Find the minimum and the maximum.  
Compare them to the smallest and the largest eigenvalues of $A$.

In [None]:
A = np.ones((3,3))

#initialize our x's
vs = np.random.randn(3,10000) #the more random numbers we have, the closer the result will be to the real eigenvalues

vs = vs / np.linalg.norm(vs, axis=0) #normalize, x's as we only care about unit vectors

vals = (vs * A.dot(vs)).sum(axis = 0) #x.T Ax

#np.linalg.eig(A) returns 2 elements: eigenvalues and eivenvectors
eigenv_A, _ = np.linalg.eig(A)

#print min and max of x.T Ax
print('minimum and maximum of x.T Ax: {}; {}'.format(vals.min().round(2), vals.max().round(2)))
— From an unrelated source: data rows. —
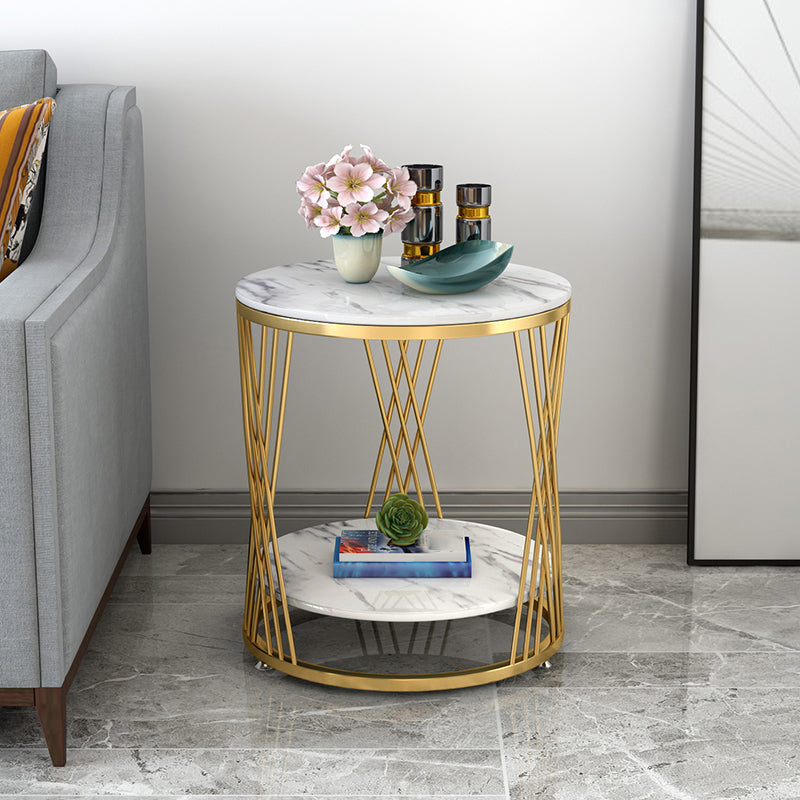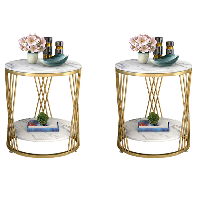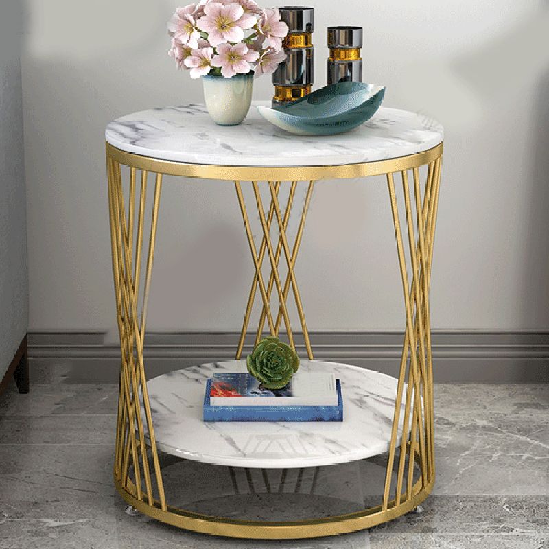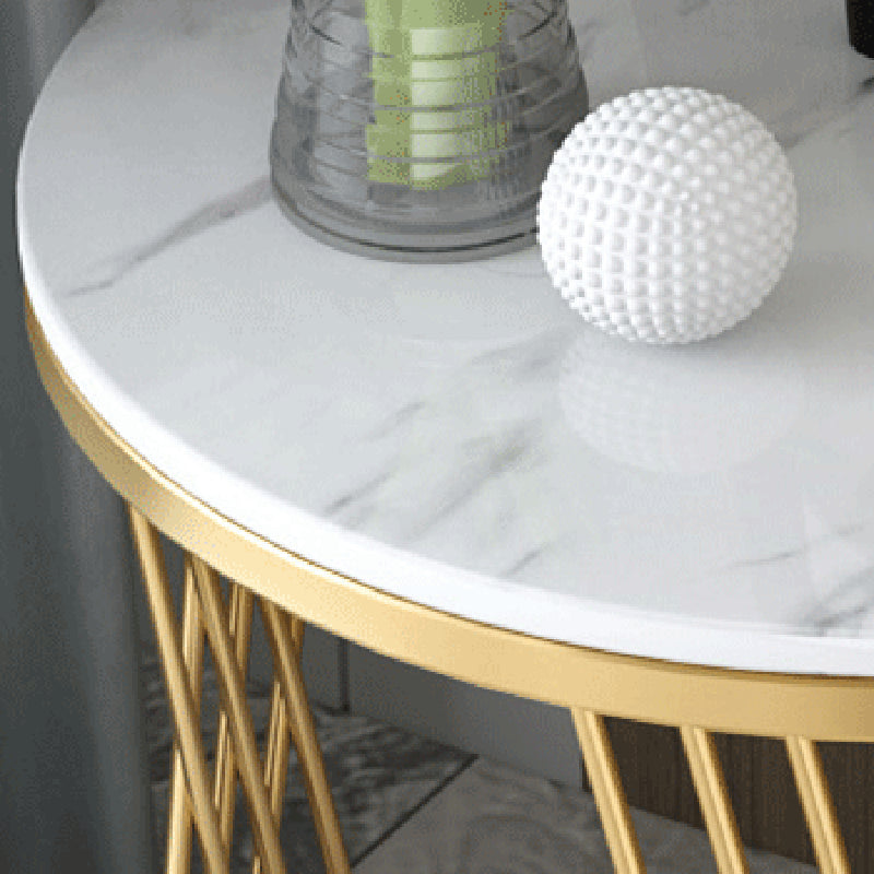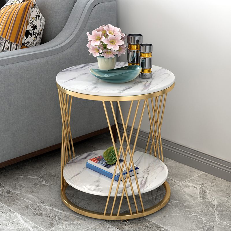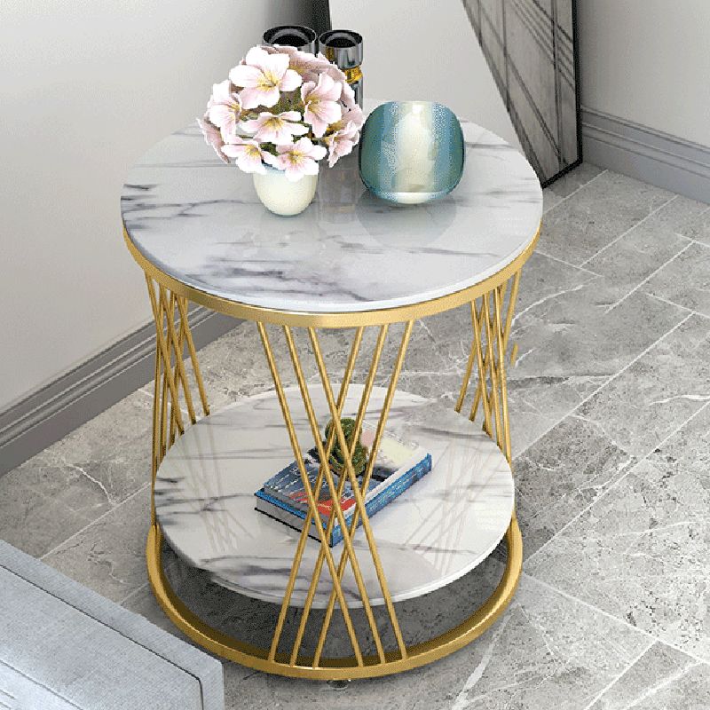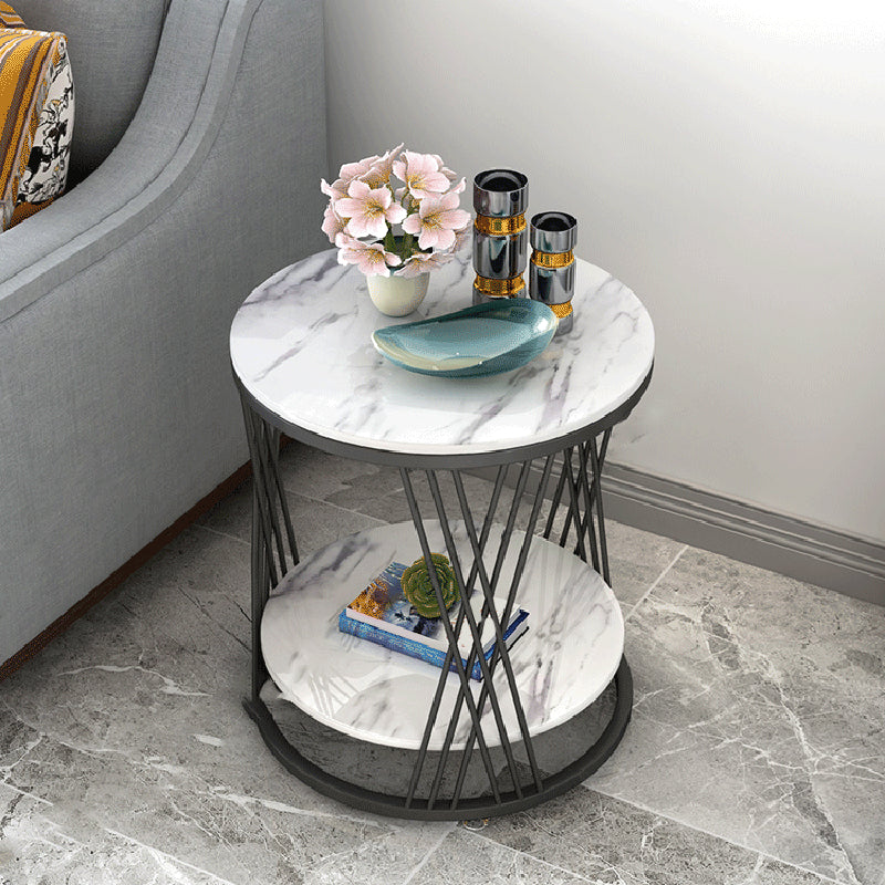 Contemporary Storage Frame End Table Round End Table with Slate Top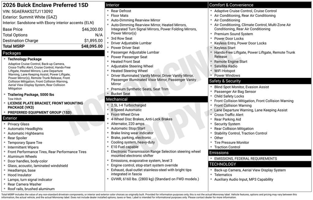 Summit White 2026 Buick Enclave Preferred FWD 8-Speed Automatic 2.5L DOHC FWD, 12 Speakers, 3rd row seats: split-bench, 4-Wheel Disc Brakes, ABS brakes, Air Conditioning, Alloy wheels, AM/FM radio: SiriusXM with 360L, Apple CarPlay/Android Auto, Auto High-beam Headlights, Auto-dimming door mirrors, Auto-dimming Rear-View mirror, Automatic temperature control, Bose Premium 12-Speaker Audio System, Brake assist, Bumpers: body-color, Compass, Delay-off headlights, Driver 4-Way Power Lumbar Seat Adjuster, Driver 8-Way Power Seat Adjuster, Driver door bin, Driver vanity mirror, Dual front impact airbags, Dual front side impact airbags, Electronic Stability Control, Emergency communication system: OnStar and Buick connected services capable, Four wheel independent suspension, Front anti-roll bar, Front Bucket Seats, Front Center Armrest, Front dual zone A/C, Front Mounting License Plate Bracket Package, Front Passenger 4-Way Power Lumbar Seat Adjuster, Front Passenger 6-Way Power Seat Adjuster, Front reading lights, Fully automatic headlights, Heated door mirrors, Heated Driver & Front Passenger Seats, Heated front seats, Heated steering wheel, Illuminated entry, Leather steering wheel, Leatherette Seat Trim, Low tire pressure warning, Navigation System, Occupant sensing airbag, Outside temperature display, Overhead airbag, Overhead console, Panic alarm, Passenger door bin, Passenger vanity mirror, Power door mirrors, Power driver seat, Power Liftgate, Power passenger seat, Power steering, Power windows, Preferred Equipment Group 1SD, Premium audio system: Buick Infotainment System, Radio data system, Radio: Infotainment Center, Rear air conditioning, Rear anti-roll bar, Rear reading lights, Rear side impact airbag, Rear window defroster, Rear window wiper, Remote keyless entry, Security system, SiriusXM w/360L Trial Subscription, Speed control, Speed-sensing steering, Spoiler, Steering wheel mounted audio controls, Tachometer, Telescoping steering wheel, Tilt steering wheel, Traction control, Trip computer, Turn signal indicator mirrors, Variably intermittent wipers, Voltmeter, Wheels: 20 Alloy w/Medium Android Finish, Wireless Apple CarPlay, Wireless Google Android Auto, FWD.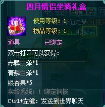 1、四月情侣坐骑礼包、四月宠物礼盒每人只能抢购一个,高级五行聚魂瓶每人能抢购5个。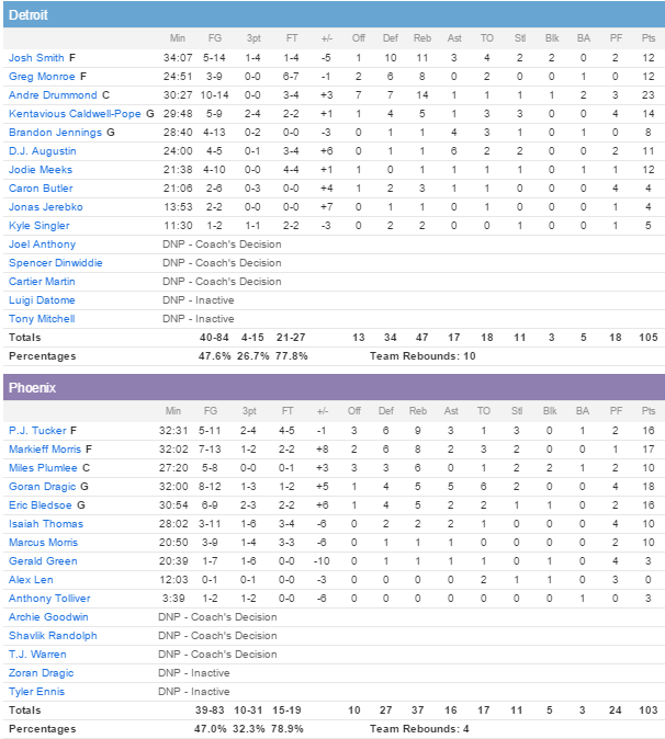 Andre Drummond a mené les Pistons avec 23 points et 14 rebonds tandis que Josh Smith ajoute 12 points tout comme Jodie Meeks, de retour, et Greg Monroe, titulaire. 7 Suns terminent à au moins 10 points dont 18 pour Goran Dragic, 17 pour Markieff Morris et 16 pour Eric Bledsoe mais ils ont mal géré leur fin de rencontre avec notamment des ballons perdus qui ont coûté cher. 17 ballons perdus sur le match qui ont conduit à 27 points de Detroit.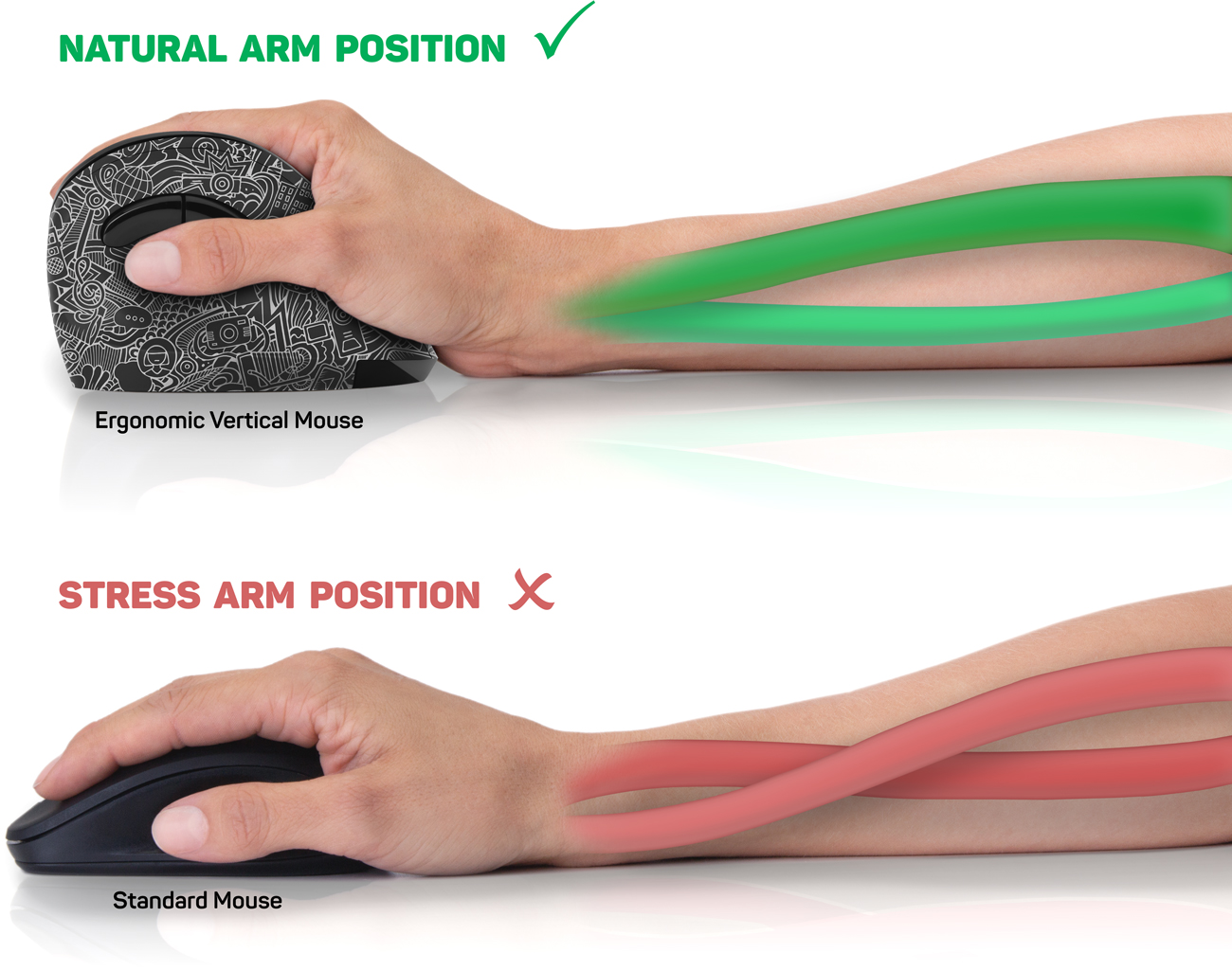 Výhody produktu: Při práci s běžnou počítačovou myší jsou kosti předloktí v nepřirozeně zkřížené poloze a již po krátké době dochází k bolestem a únavě celého předloktí. Při dlouhodobém používání takové myši může dojít k chornickým problémům s nutností vyhledat lékařskou pomoc. Syndrom karpálního tunelu aneb syndrom počítačové myši - novodobý zdravotní problém S používáním běžných kancelářských myší je spojena i novodobá počítačová nemoc - tzv. syndrom karpálního tunelu (tzv. útlakový syndrom nebo také RSI). Jde o útlak středního nervu v karpálním tunelu, který se nachází v zápěstí ruky. Střední nerv procházející právě tímto tunelem přenáší impulzy z mozku do palce, ukazováčku, prostředníčku a části prsteníčku. U zdravých lidí, kteří nepřetěžují oblast zápěstí, poskytuje karpální tunel dostatek prostoru pro průchod středního nervu a prsty jsou tak dostatečně zásobeny impulzy z mozku, tudíž zůstává zachována jejich plná funkčnost a citlivost. Mezi základní příznaky tohoto syndromu patří mravenčení a bolesti v prvních třech prstech (palec, ukazovák a prostředník) připomínajícím pocit přeležení ruky. Objevuje se také oslabená citlivost ruky projevující se sníženou schopností pevného stisku a nešikovnost ruky obecně (v konečné fázi vedoucí až k vypadávání předmětů z ruky). Symptomy se často projevují i v klidovém stavu a bolest může procházet až do předloktí a ramene. V počátečním stádiu je řešení jednoduché - okamžitě přestat používat běžnou počítačovou myš a ruku pravidelně procvičovat. V pokročilém stádiu je již nutná endoskopická operace v zápěstí, kdy dochází k uvolnění karpálního tunelu, resp. zvýšení jeho průchodnosti. Při plně rozvinutém syndromu je nutné přetnutí zápěstních vazů, čímž se tlak na nerv odstraní. Podle Státního zdravotnického ústavu (SZÚ) se v Česku jedná o nejčastější nemoc z povolání, v roce 2017 bylo evidováno již 500 pacientů a každým rokem nemocných přibývá. Všem těmto problémům lze velmi jednoduše předcházet používáním ergonomické vertikální myši, u níž jsou ruka i předloktí uživatele v přirozené poloze a nedochází k nepřirozenému křížení šlach a kostí ani k útlaku středního nervu v zápěstí. Určena pro domácí i kancelářské profesionální použití Bezdrátová 2,4 GHz technologie Bezdrátový USB Nano přijímač s dosahem až 20 m Rozhraní USB-A 2.0 zpětně kompatibilní s USB 1.1 Speciální ergonomie snižující únavu i při dlouhodobém použití Optický senzor (volitelné rozlišení 800/1200/1600 DPI) Vysoká přesnost ideální také pro práci v grafických editorech Snadná instalace Plug & Play bez nutnosti instalace a stahování ovladačů (USB přijímač stačí pouze připojit k USB portu počítače nebo notebooku) Mechanické spínače s garantovanou životností 3 milionů kliknutí 6 tlačítek včetně precizního posuvného kolečka 2 samostatná navigační tlačítka pro pohyb vpřed a vzad Smart Power-Saving technologie spořící baterii, pokud myš není v pohybu ON/OFF přepínač ve spodní části myši pro úplné vypnutí Protiskluzový pogumovaný Soft-Touch povrch úchopových částí myši pro pevný úchop Úložný prostor ve spodní části myši pro mini USB přijímač ideální při transportu i cestování Napájení: 1 × AA alkalická originál tužková baterie CONNECT IT (součást balení) Kompatibiliní s operačními systémy Windows XP/Vista/7/8/10/ a Mac OS X (funkce produktu, které nejsou podporovány Mac OS X, nemusí fungovat správně) Rozměry (d × š × v): 108 x 70 x 66 mm Hmotnost bez baterie a bez USB přijímače: 89 g Hmotnost bez baterie a s USB přijímačem: 91 g Barva: černá Doodle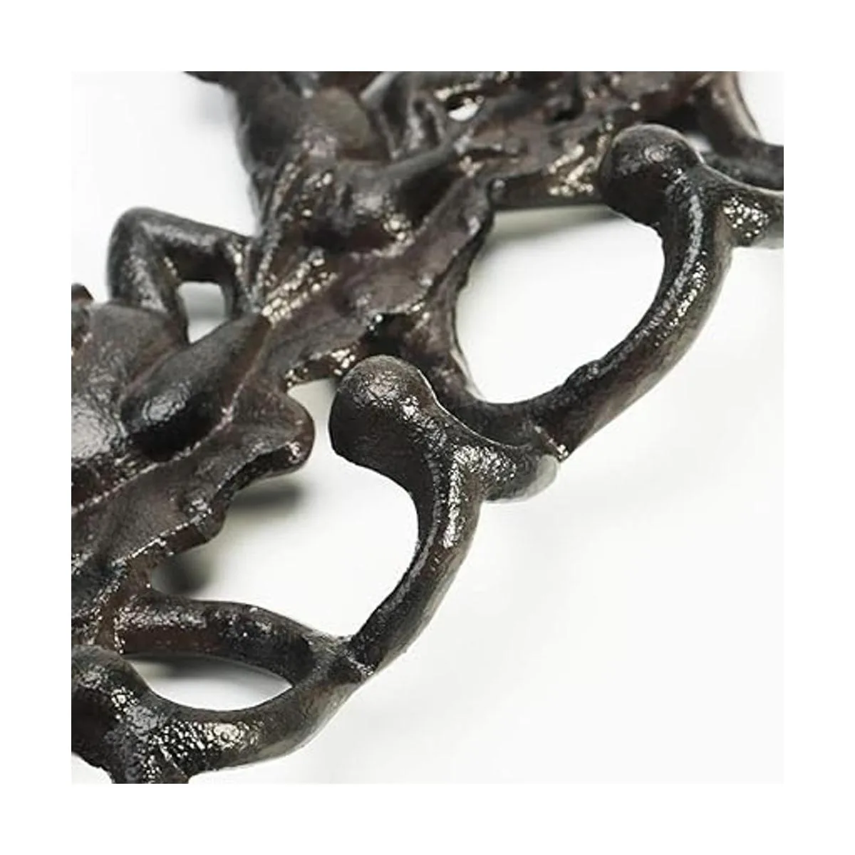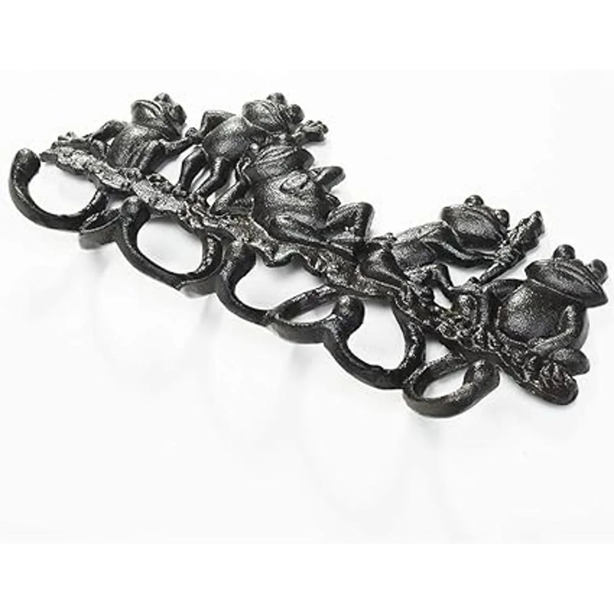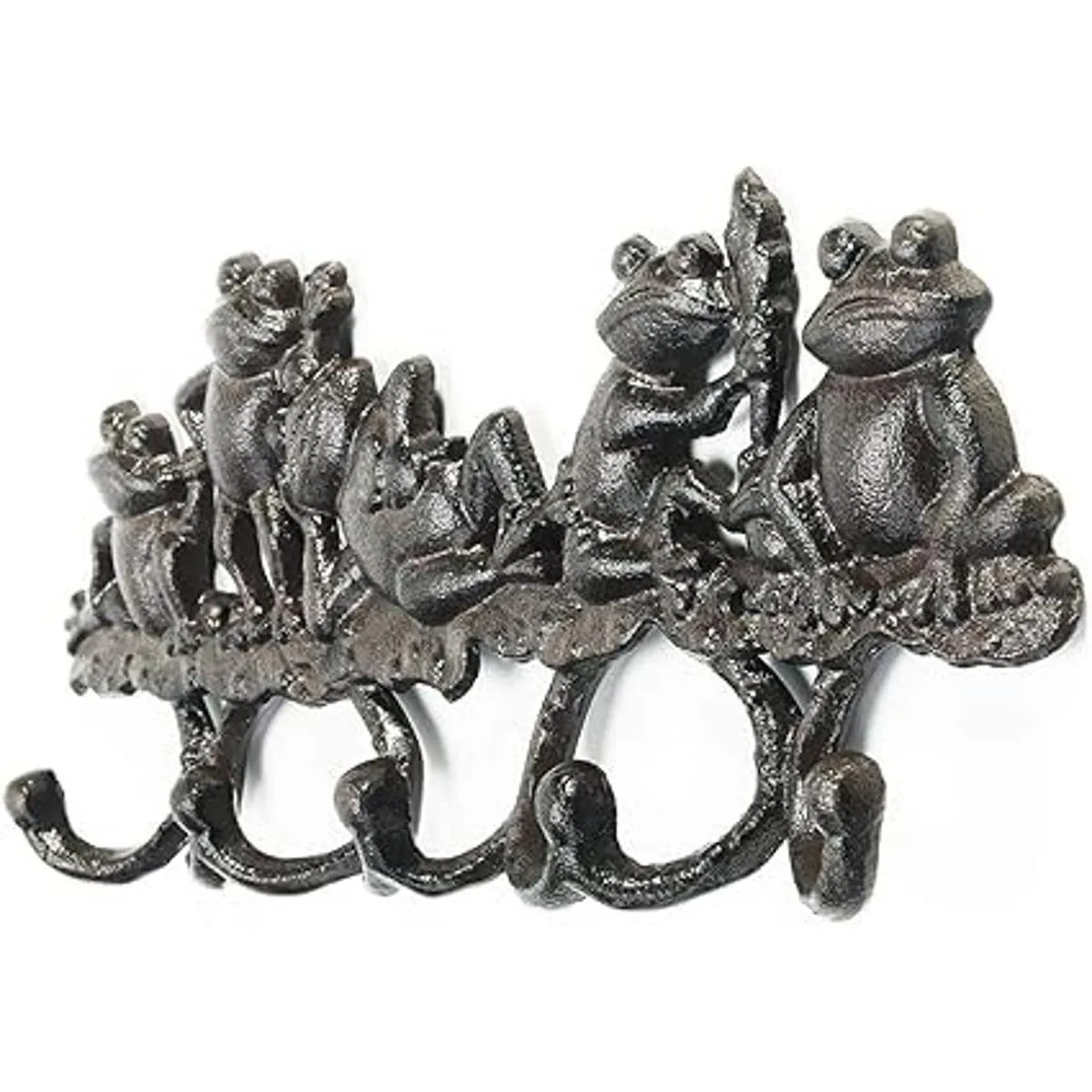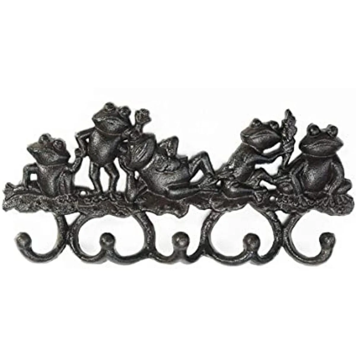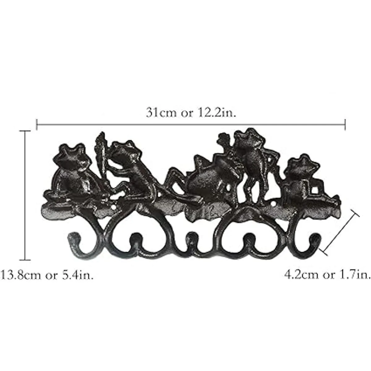 Sungmor Colgador de pared de hierro fundido con 5 ganchos, gancho decorativo para montar en la pared, bonito estante para colgar ranas, decoración de pared interior y exterior, excelente para herramientas manuales, macetas, abrigos, sombreros, llaves, ropa

#print min and max of eigenvalues of A
print('minimum and maximum eigenvalues: {}; {}'.format(eigenv_A.min().round(2), eigenv_A.max().round(2)))

#check how close they are
print('The difference between them: {}; {}'.format( (abs(vals.min()-eigenv_A.min()).round(5) ) , (abs( vals.max()-eigenv_A.max()).round(5) ) ) )

##### Jephian

Nice and clean answer.

In [None]:
first = vs[:,1]

print(first.sum()) 

print((first.T.dot(A).dot(first)))

print(first.T.dot(A))

print((first * A.dot(first)).sum(axis = 0))

###### 1(b)
It is known that 
```python
u2 = np.array([1,1,1])
```
is the eigenvector for the largest eigenvalue $\lambda_2 = 3$.  
Generate 10000 random points of length 1 in $\mathbb{R}^3$.  
Select those that are (almost) perpendicular to `u2` .  
Calculate the maximum of ${\bf x}^\top A{\bf x}$ over these points ${\bf x}$.

In [None]:
A = np.ones((3,3))

u2 = np.array([1,1,1])

#generating 10k random points 
vs = np.random.randn(3,10000) 

#normalizing
vs = vs / np.linalg.norm(vs, axis=0) 
eigenv_A, _ = np.linalg.eig(A)
print(_)
xTAx = np.sum(vs*A.dot(vs), axis=0)
print(max(xTAx))
#select x's almost perpendicular to u2 
#multiply each column of vs (each x) by u2
multipl = vs * u2[:, np.newaxis]
#calculate the module of inner product of each x and u2
module = np.abs(multipl.sum(axis = 0))

#choose x's that are almost perpendicular
mask = module < 0.001
selected = vs[:,mask]
#print(selected.shape)
#print(selected)

vals = (selected * A.dot(selected)).sum(axis = 0) #x.T Ax
#print(vals)

print('maximum of x.T Ax: {}'.format(vals.max().round(5)))



##### Jephian

The answer is correct.  

Here are some comments.
It is hard to randomly generate vectors that is perpendicular to `u2` .  
You may increase the number of samples or increase the threshold `0.001` .  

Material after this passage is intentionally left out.